AKİF: Fedakarlık ve feragatinin haddi hududu yoktur Musam. Sen ki bu millete, bu ümmete her türlü cömertliği verdin. Müsaade et de bu milletde sana vefasını göstersin.

MUSA: Estağfirullah beyim. Ne haddime! Lakin hala kusurumu bilemedim.

AKİF: Sen ki red etmedin mi Bayazıt Camiinde perişan olarak gecelersin de... Sen ki Yemenden beri bildiğin Ali Sait Paşanın geçimin için önerdiği Karaköy Gümrüğünde önerdiği kahyalık teklifini red edersin; “Kahyalığı yaşlı, eli ayağı tutmaz bir emektara verin. Çok şükür benim gücüm kuvvetim var, bana hamallık işi verin, ben onu yapayım” diyerek…

MUSA: Efendim…Şey…

AKİF: Daha bitmedi. Bilirim ki hastasın, verem olmuşsun. Yine duydum ki bütün ısrarlara rağmen sırf devlete yük olmamak için bir hastaneye yatmayı da kabul etmezsin. Diyeymişsin ki, o yatağa mecbur olan başka bir Müslümana verin, yatsın, şifa bulsun.

MUSA:  Merak buyurmayın…Tiz zamanda Üsküdar’daki Şeyh Ataullah Efendi’nin Özbekler Tekkesi’ne geçeceğim. Hem vatan sağolsun da, vatan bu küffarın işgalinden kurtulsun da bizim hayatımızın ne önemi ola ki!
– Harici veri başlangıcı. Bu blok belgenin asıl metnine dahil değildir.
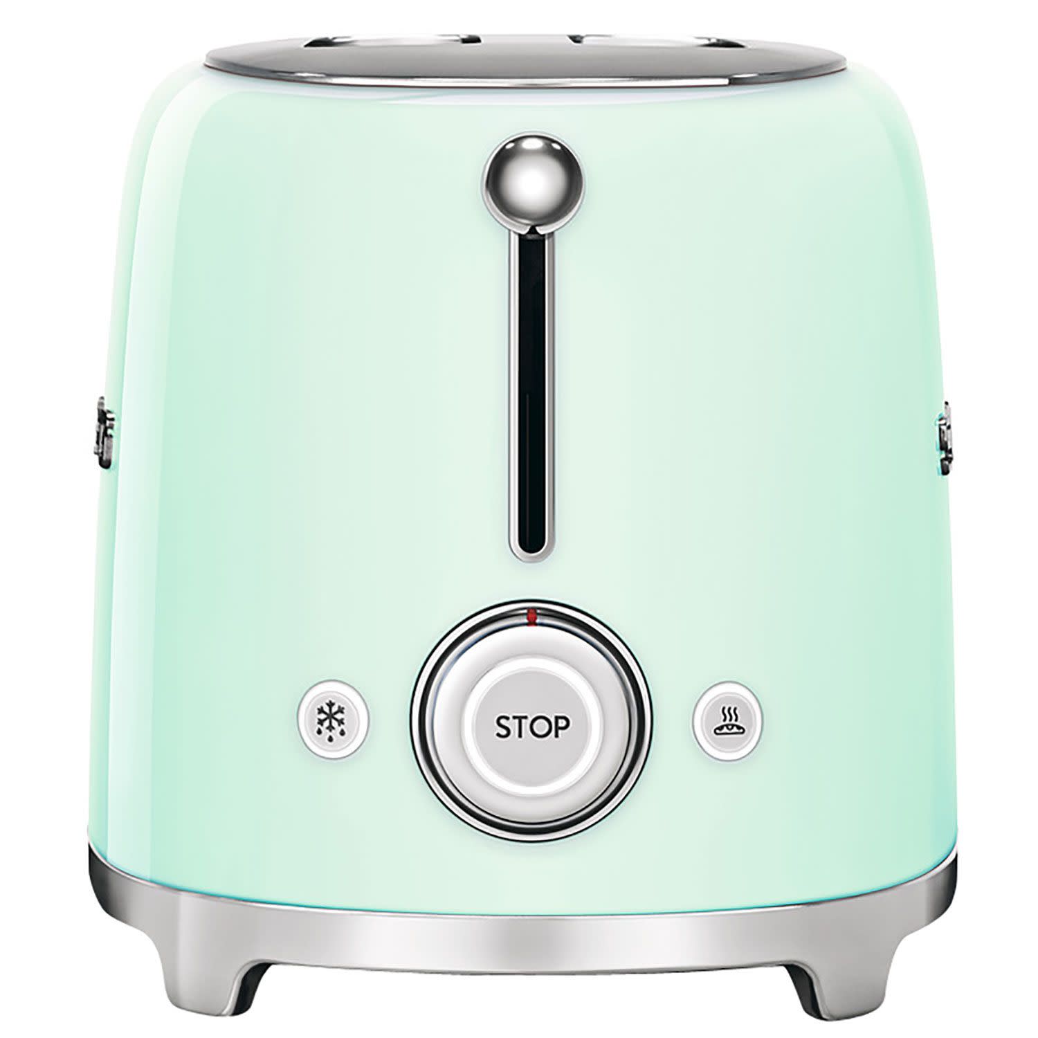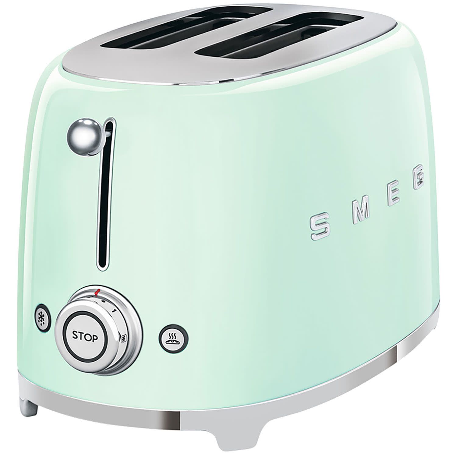 Φιστικί Smeg φρυγανιέρα 2 θέσεων TSF01PGEU με ισχύ 950w για φρυγανισμένο, λαχταριστό ψωμί σε χρόνο dt! Διαθέτει δυνατότητα ρύθμισης του θερμοστάτη σε έξι επίπεδα για να απολαμβάνεις το ψωμί σου όσο τραγανό θες, ενώ μπορείς να τη χρησιμοποιήσεις και για απόψυξη, αναθέρμανση και bagels! To 50’s style της θα ταιριάξει τέλεια σε κάθε κουζίνα ενώ παράλληλα θα αναβαθμίσει το στυλ του χώρου σου!

AKİF: Sen yine de kendine dikkat et. Şu hasta ve garip halinle bile Anadolu’ya silah sevkiyatı i.in gizli gizli çalışırsın. Rabbim senden razı olsun Musam! Allah kumandanına da tez zamanda özgürlüğünü versin, sizi birbirinize kavuştursun.

MUSA: Ne güzel dua buyurdun koca şair. Biz de senden ilhamımızı alırız. Seninde ne fedakarlıklar yaptığını iyi biliriz. Hem ki biz Çanakkale’de İngiliz’le vuruşurken senin o muhteşem şiirinle teselli olurduk.

AKİF: Söylettirene hamdolsun. Allah bir daha bu millete Çanakkale gibi savaş vermesin.

MUSA: Vaktin varsa…Müsaade edersen…Sana okumak isterim o güzel şiirini…

AKİF: Estağfirullah…Ezberledin mi yoksa? Mahcup ettin şimdi beni!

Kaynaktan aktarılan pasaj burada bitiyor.